HABER

Her 10 çocuktan birinde "polen alerjisi" görülüyor

Türkiye Ulusal Alerji ve Klinik İmmünoloji Derneği Genel Sekreteri Prof. Dr. Erkekol: - "Bitki örtüsü nedeniyle İç Anadolu Bölgesi'nde polen alerjisi biraz daha düşük olsa da bu bölgede de her 20 çocuktan birisinde, kuzey ve güney bölgelerde ise her 10 çocuktan birinde polen alerjisi görülmektedir" - "Burnu akan, hapşıran, sık nezle semptomları ve göz yaşarmaları olan çocukların bir alerji immünoloji uzmanı tarafından değerlendirilmesi gerekir. Bu çocuğun hem yaşam kalitesini artıracak hem de ileride astım gelişmesinde risk faktörünün ortadan kaldırılmasına neden olacaktır"

DUYGU YENER - Türkiye Ulusal Alerji ve Klinik İmmünoloji Derneği Genel Sekreteri Prof. Dr. Ferda Öner Erkekol, bahar aylarında doğanın canlanması ve dışarıda geçirilen sürenin de artmasıyla alerji şikayetlerinde artış yaşandığını belirterek, her 10 çocuktan birinde polen alerjileri görüldüğünü söyledi.

Prof. Dr. Erkekol, AA muhabirine yaptığı açıklamada, ilkbaharla beraber polen salınımındaki artış ve değişen hava koşulları nedeniyle alerjisi bulunanları açık havada dikkatli olmaları konusunda uyardı.

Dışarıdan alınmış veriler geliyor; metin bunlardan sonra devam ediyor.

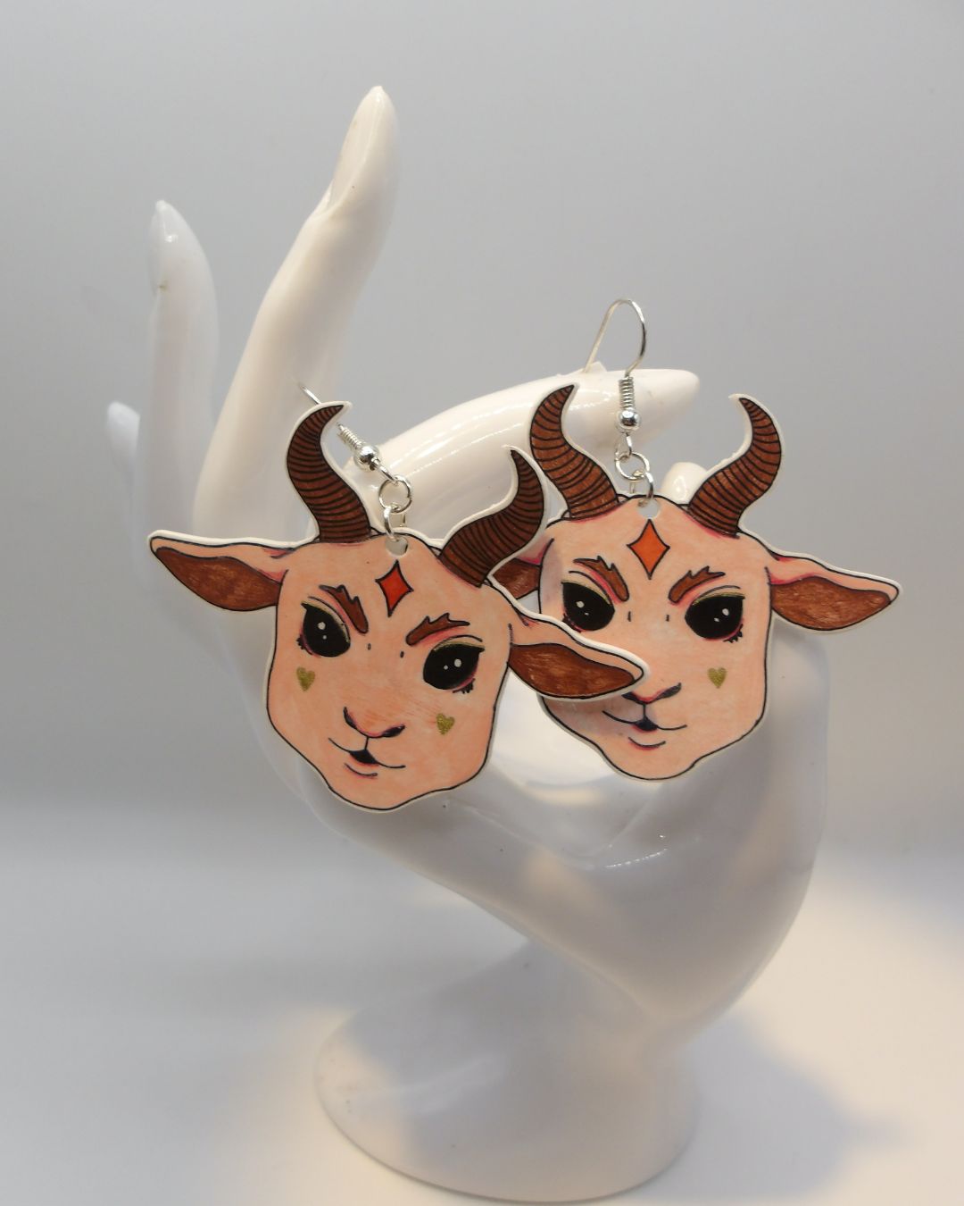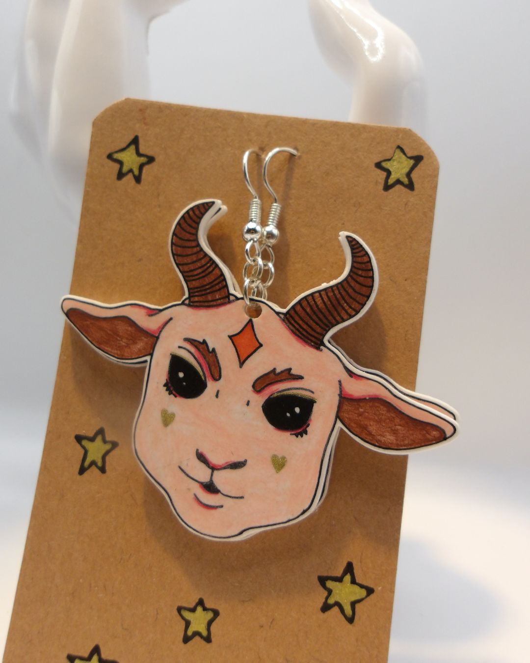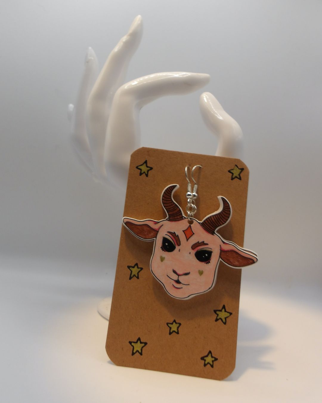 Handgemaakte oorbellen zilverkleurig - geit duiveltje roze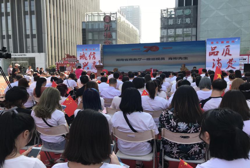 本次“诚信兴商暨质量安全宣传月”活动以诚信经商、品质消费为口号,旨在全省范围内贯彻诚信兴商政策、宣传诚信兴商法规、提高诚信兴商理念、促进诚信兴商建设,倡导诚信经营、引导诚信消费、营造诚实守信的社会氛围。为实现这一既定目标,湖南省商务厅高度重视本场活动,现场国旗飞扬、人头涌动,热闹非凡。此次活动有效推动了全省诚信经营的建设,更是对祖国70周年华诞的一次献礼。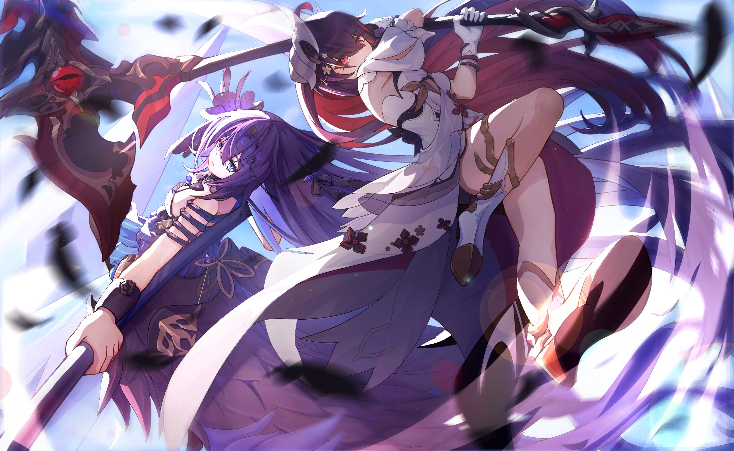 2girlsblack dressblack hairblue eyesblue hairblue skybreastscolored inner hairdressdual personaglovesholdingholding scythelong hairmedium breastsmulticolored hairmultiple girlsofficial alternate costumered eyesred hairscytheskytwo-tone hairvery long hairwhite dresswhite gloves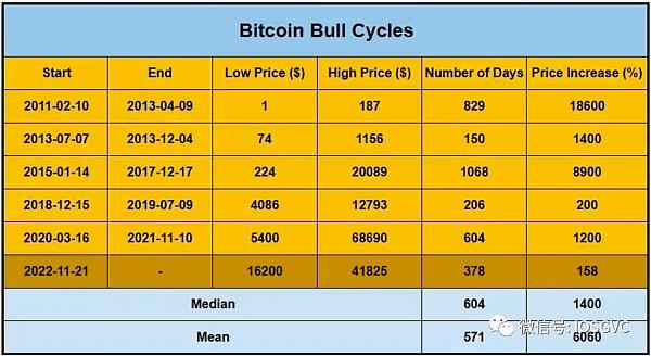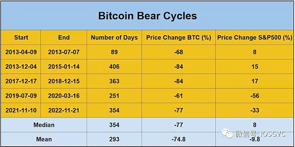 分析过去的周期,以前熊市周期的中位数跌幅为-77%(平均跌幅约为-75%)。最近的熊市周期正好下跌了77%。另一方面,牛市周期的中位数价格增幅为15倍(平均增幅约为60倍)。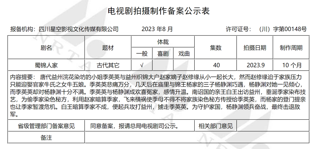 极具地方特色的《蜀锦人家》筹备三年,终于由四川星空影视重新备案。《三叉戟》导演刘海波、《司藤》编剧汪洪加盟,谭松韵、郑业成主演,9月12日刚刚在贵州开机。这部剧中,非遗“蜀锦”将作为亮点穿插在爱情叙事中,原作者桩桩本就是四川人。天地祺祥教育同时备案了她的另一部作品《易轻尘》(《一怒成仙》)。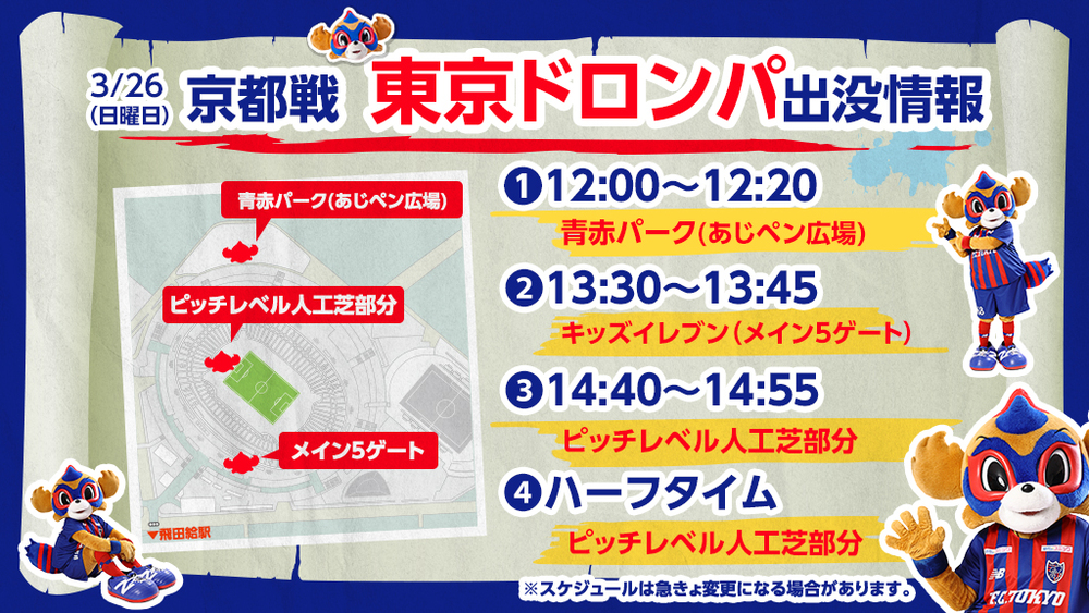 3月26日(日) 2023 JリーグYBCルヴァンカップ グループステージ第2節 vs京都サンガF.C.(15:00キックオフ/味の素スタジアム)に東京ドロンパが下記の通りあらわれます。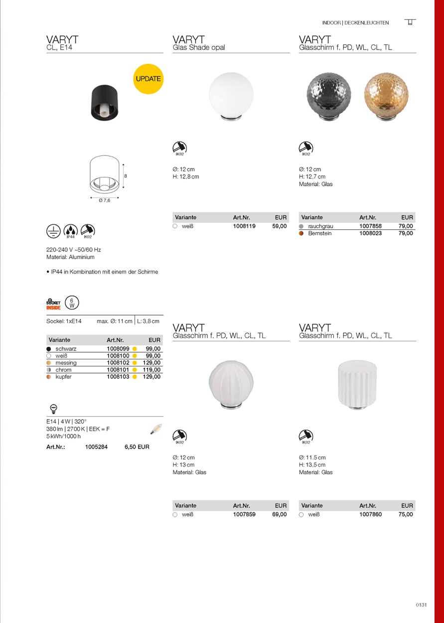 Weiterführende Links zu "VARYT Glasschirm f. PD WL CL TL Linie"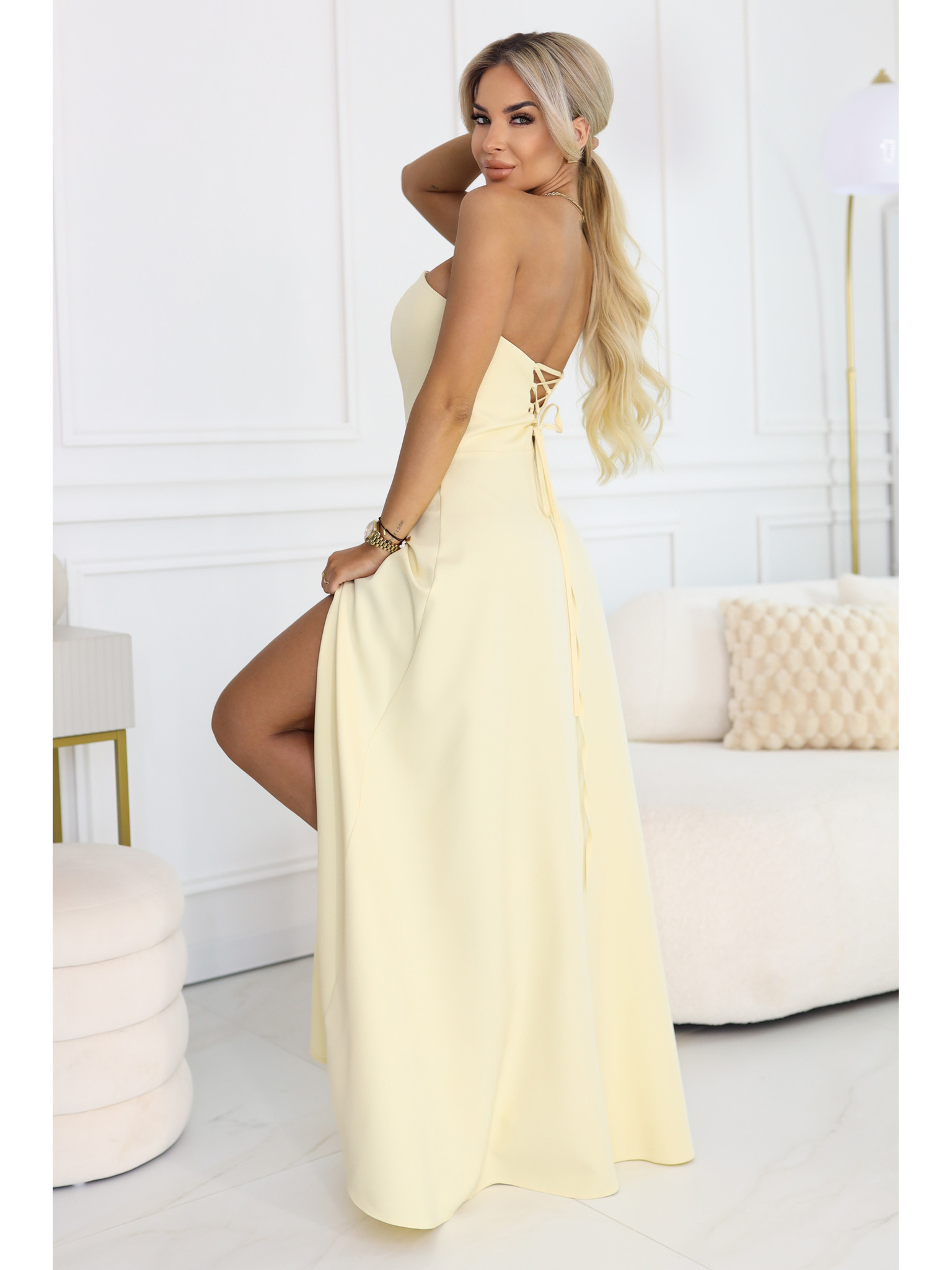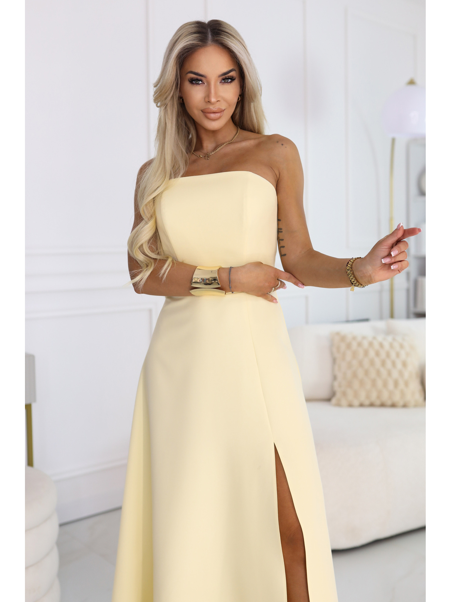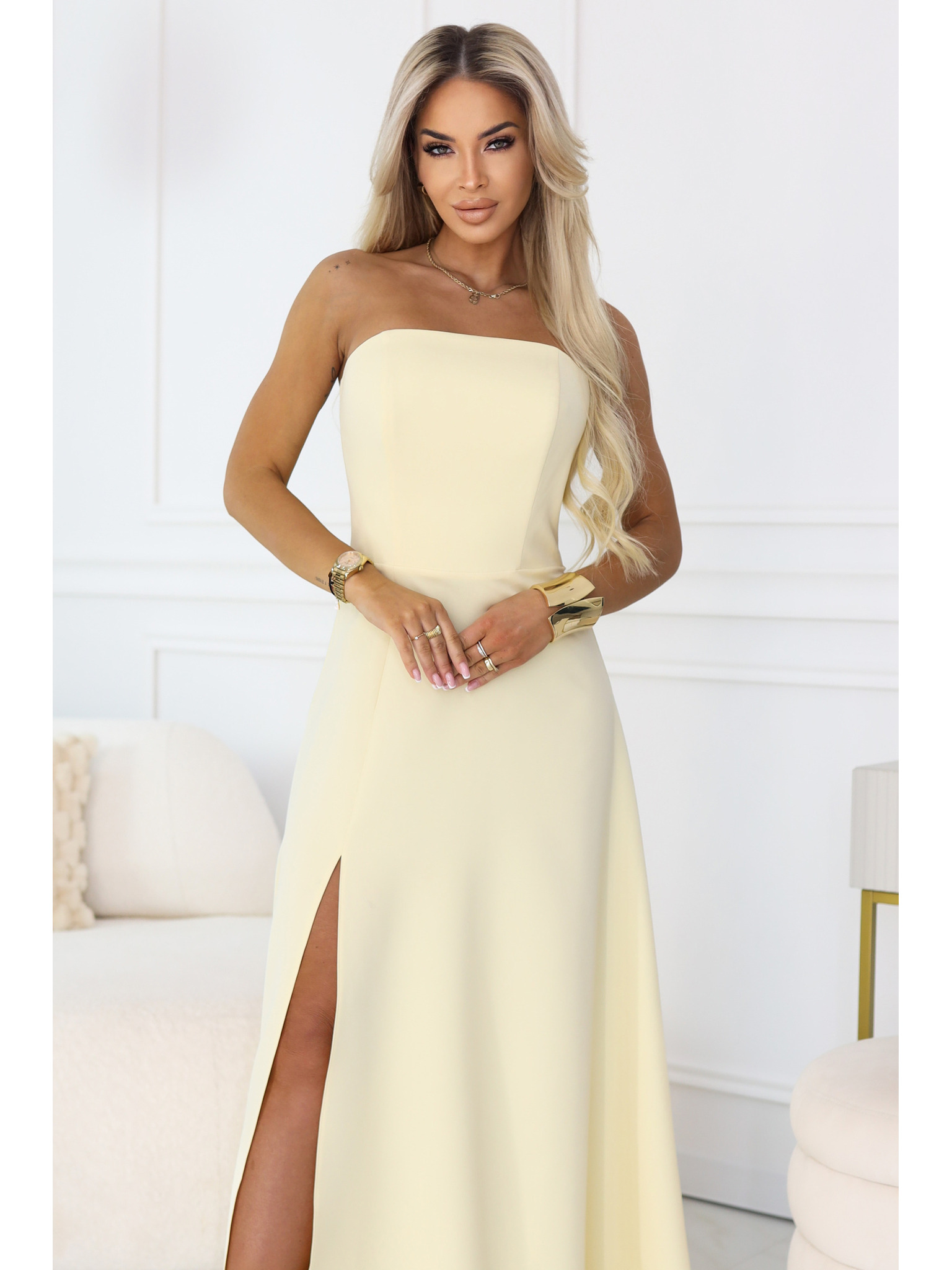 JENNIFER hosszú ruha lábrésznél hasítékkal, ujjakkal és kivágással - bézs
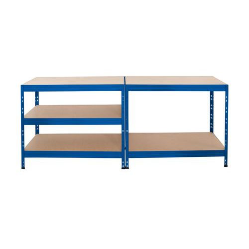 Bezśrubowe regały półkowe Manutan Expert Rapid 3 przeznaczone do biur, warsztatów i magazynów. Półki wykonane z wysokiej jakości płyty pilśniowej wysokiej gęstości (HDF) można ustawiać co 40 mm. Plastikowe stopki ochronne. Konstrukcja z blachy stalowej o gr. 1–1,5 mm. Powierzchnia ocynkowana lub pokryta lakierem proszkowym. Regały można łączyć w zestawy za pomocą elementów łączących. Słupki składają się z dwóch części, dzięki czemu regał można przebudować na stół warsztatowy.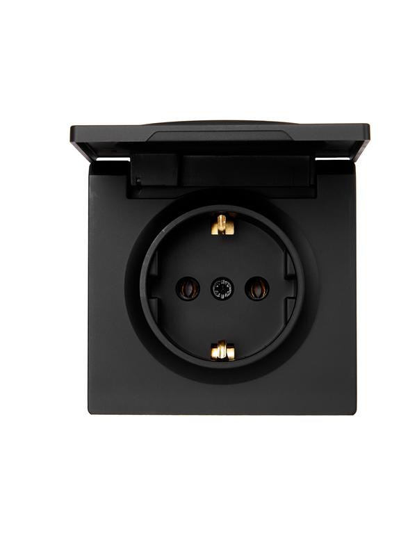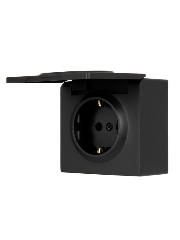 752-4200-123B | Розетка 1-м ОП LETO с заземл. с крышкой LETO ПБТ черн. бархат LEZARD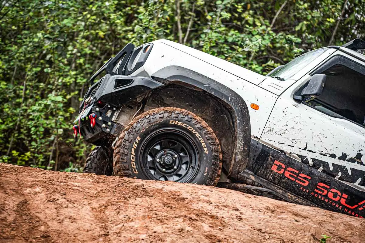 With a paltry 195/80/15s fitted on the GEN4 model, the Jimny’s standard tyre size offers minimal traction and clearance for rugged terrain.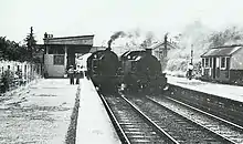 In the 1950s, in response to fears of Soviet military action, plans were prepared for the construction of twenty-five atom-bomb-proof control bunkers[2] away from expected target areas. Only five[3] were completed; the one at Bricket Wood is situated in the trees between the station and Railway Cottages. It was built c. 1954 in order, in the event of war, to take over the running of the railway network from the London Euston control room.[4]

Türkiye'nin güney ve kuzey bölgelerinde polen alerjilerinin çok sık görüldüğünü dile getiren Erkekol, "Bitki örtüsü nedeniyle İç Anadolu Bölgesinde polen alerjisi biraz daha düşük olsa da bu bölgede her 20 çocuktan birisinde, kuzey ve güney bölgelerde ise her 10 çocuktan birinde polen alerjisi görülmektedir." dedi.

Prof. Dr. Erkekol, polen alerjisinin alerjik rinit (nezle) konusunda tetikleyici olduğunu ifade ederek, alerjik nezlenin yaşam kalitesi üzerinde çok önemli etkileri olan bir hastalık olduğunu söyledi.

- "Alerjik nezlesi olanlar risk altında"

Alerjinin ölümle sonuçlanmadığını ancak iş gücü ve okul kayıplarına neden olduğuna dikkati çeken Erkekol, "Alerji doğru tedavi ve tanılanması gereken bir hastalık. Alerjik nezlesi olan bireyler astım geliştirmek için risk altındalar. Alerjik nezlenin doğru tanı alması ve tedavi edilmesi hem astım gelişimini önlüyor hem de hastaların yaşam kalitesinde önemli veriler sunuyor." ifadelerini kullandı.

Prof. Dr. Erkekol, havaların ısınmasıyla park ve bahçelerde geçirilen sürenin de arttığını, bu nedenle kişilerin polenlere daha çok maruz kaldığını dile getirerek şunları kaydetti:

"Polenden korunmak çok mümkün değil. Alerjisi olan bireylere genelde alerjiden kaçınmalarını öneririz. Çocuklar da parklarda, bahçelerde tabii ki koşacaklar. Bu, çocuk olmanın doğasında olan bir şey. Çocuğun alerjik olup olmadığının doğru tanılanması burada son derece önemli. Burnu akan, hapşıran, sık nezle semptomları ve göz yaşarmaları olan çocukların bir alerji immünoloji uzmanı tarafından değerlendirilmesi gerekir. Bu çocuğun hem yaşam kalitesini artıracak hem de ileride astım gelişmesinde bir risk faktörünün ortadan kaldırılmasına neden olacaktır."

Bahar döneminde viral enfeksiyonların da çok sık görüldüğüne işaret eden Erkekol, "Alerjik rinit ve viral enfeksiyonları ayırmanın birtakım ipuçları var. Eğer çocuğunuz her bahar döneminde benzer şikayetlerle geliyorsa alerjisi var diyebiliriz. Özellikle burun kaşıntısı, burun akıntısının şeffaf renkli olması, göz yaşarmaları bize alerji semptomlarının olduğunu gösterir. Hafif ateş, kırgınlık, burun akıntısının renginin sarıya dönmesi ise viral enfeksiyonların olduğunu düşündürür." dedi.